Dataset entries
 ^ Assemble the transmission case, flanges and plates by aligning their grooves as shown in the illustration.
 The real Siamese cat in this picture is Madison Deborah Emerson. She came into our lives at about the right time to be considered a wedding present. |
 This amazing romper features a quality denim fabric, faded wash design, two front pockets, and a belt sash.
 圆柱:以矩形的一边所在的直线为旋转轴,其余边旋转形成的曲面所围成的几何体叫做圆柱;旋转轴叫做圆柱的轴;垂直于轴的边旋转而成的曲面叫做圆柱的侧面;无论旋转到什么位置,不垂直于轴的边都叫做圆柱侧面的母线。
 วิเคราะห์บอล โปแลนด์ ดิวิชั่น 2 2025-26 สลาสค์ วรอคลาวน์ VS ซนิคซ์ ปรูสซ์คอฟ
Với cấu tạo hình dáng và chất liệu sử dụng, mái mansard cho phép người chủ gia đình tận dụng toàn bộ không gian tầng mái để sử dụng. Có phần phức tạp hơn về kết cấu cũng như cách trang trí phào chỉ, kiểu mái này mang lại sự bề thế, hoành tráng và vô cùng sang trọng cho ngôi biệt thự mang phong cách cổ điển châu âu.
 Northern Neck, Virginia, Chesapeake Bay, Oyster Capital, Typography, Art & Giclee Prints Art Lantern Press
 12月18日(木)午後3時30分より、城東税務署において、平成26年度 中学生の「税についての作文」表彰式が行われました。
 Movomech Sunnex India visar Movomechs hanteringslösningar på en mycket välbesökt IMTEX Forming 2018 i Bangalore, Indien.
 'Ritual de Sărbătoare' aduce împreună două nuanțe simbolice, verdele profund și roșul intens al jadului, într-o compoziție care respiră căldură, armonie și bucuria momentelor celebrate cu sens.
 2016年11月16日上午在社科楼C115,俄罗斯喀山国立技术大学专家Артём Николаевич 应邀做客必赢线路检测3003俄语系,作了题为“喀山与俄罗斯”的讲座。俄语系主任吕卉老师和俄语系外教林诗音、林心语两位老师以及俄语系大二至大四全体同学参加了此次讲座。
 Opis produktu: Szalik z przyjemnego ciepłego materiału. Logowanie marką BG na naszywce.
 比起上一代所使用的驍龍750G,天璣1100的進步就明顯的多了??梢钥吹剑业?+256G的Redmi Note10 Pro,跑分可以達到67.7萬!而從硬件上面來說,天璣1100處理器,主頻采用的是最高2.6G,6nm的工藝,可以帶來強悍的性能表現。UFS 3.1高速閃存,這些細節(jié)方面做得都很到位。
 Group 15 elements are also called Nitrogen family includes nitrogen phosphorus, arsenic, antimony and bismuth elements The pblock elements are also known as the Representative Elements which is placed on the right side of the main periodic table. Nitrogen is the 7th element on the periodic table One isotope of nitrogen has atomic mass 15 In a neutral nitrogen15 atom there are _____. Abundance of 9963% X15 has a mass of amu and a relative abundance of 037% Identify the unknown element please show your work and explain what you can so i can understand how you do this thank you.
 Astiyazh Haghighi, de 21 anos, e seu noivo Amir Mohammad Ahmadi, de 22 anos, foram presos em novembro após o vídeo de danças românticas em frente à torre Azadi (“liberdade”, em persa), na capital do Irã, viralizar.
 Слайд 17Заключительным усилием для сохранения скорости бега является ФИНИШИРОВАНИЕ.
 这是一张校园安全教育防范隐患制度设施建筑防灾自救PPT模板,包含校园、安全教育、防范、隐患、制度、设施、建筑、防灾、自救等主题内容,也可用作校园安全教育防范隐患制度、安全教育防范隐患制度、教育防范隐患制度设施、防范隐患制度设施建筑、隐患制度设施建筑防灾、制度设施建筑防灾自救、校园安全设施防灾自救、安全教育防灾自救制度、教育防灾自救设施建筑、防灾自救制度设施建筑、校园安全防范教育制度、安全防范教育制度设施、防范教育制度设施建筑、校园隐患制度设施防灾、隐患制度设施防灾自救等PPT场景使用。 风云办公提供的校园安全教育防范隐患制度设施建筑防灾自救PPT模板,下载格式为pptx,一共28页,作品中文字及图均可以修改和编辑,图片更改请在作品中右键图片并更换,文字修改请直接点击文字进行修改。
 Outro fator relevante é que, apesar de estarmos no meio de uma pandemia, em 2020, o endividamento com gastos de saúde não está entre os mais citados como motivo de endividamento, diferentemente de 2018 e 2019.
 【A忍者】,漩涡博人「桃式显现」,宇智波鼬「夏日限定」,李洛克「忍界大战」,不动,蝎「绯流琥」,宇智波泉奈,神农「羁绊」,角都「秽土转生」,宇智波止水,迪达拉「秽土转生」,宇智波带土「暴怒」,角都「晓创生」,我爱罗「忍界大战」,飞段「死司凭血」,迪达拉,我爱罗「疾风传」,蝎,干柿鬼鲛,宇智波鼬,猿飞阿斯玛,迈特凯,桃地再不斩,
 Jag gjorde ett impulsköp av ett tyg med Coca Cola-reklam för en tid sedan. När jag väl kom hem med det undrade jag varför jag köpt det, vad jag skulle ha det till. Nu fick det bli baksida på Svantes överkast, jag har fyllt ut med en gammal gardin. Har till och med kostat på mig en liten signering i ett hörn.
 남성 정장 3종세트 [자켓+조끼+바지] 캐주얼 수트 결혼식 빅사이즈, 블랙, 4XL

▶ [EXERCISE DETAILS] From the entries above, give again exactly the lines running from the line with "celebrate cu sens." to the line with "Opis produktu: Szalik"; include both of those lines.

▶ [SOLUTION TO THIS PROBLEM]
 'Ritual de Sărbătoare' aduce împreună două nuanțe simbolice, verdele profund și roșul intens al jadului, într-o compoziție care respiră căldură, armonie și bucuria momentelor celebrate cu sens.
 2016年11月16日上午在社科楼C115,俄罗斯喀山国立技术大学专家Артём Николаевич 应邀做客必赢线路检测3003俄语系,作了题为“喀山与俄罗斯”的讲座。俄语系主任吕卉老师和俄语系外教林诗音、林心语两位老师以及俄语系大二至大四全体同学参加了此次讲座。
 Opis produktu: Szalik z przyjemnego ciepłego materiału. Logowanie marką BG na naszywce.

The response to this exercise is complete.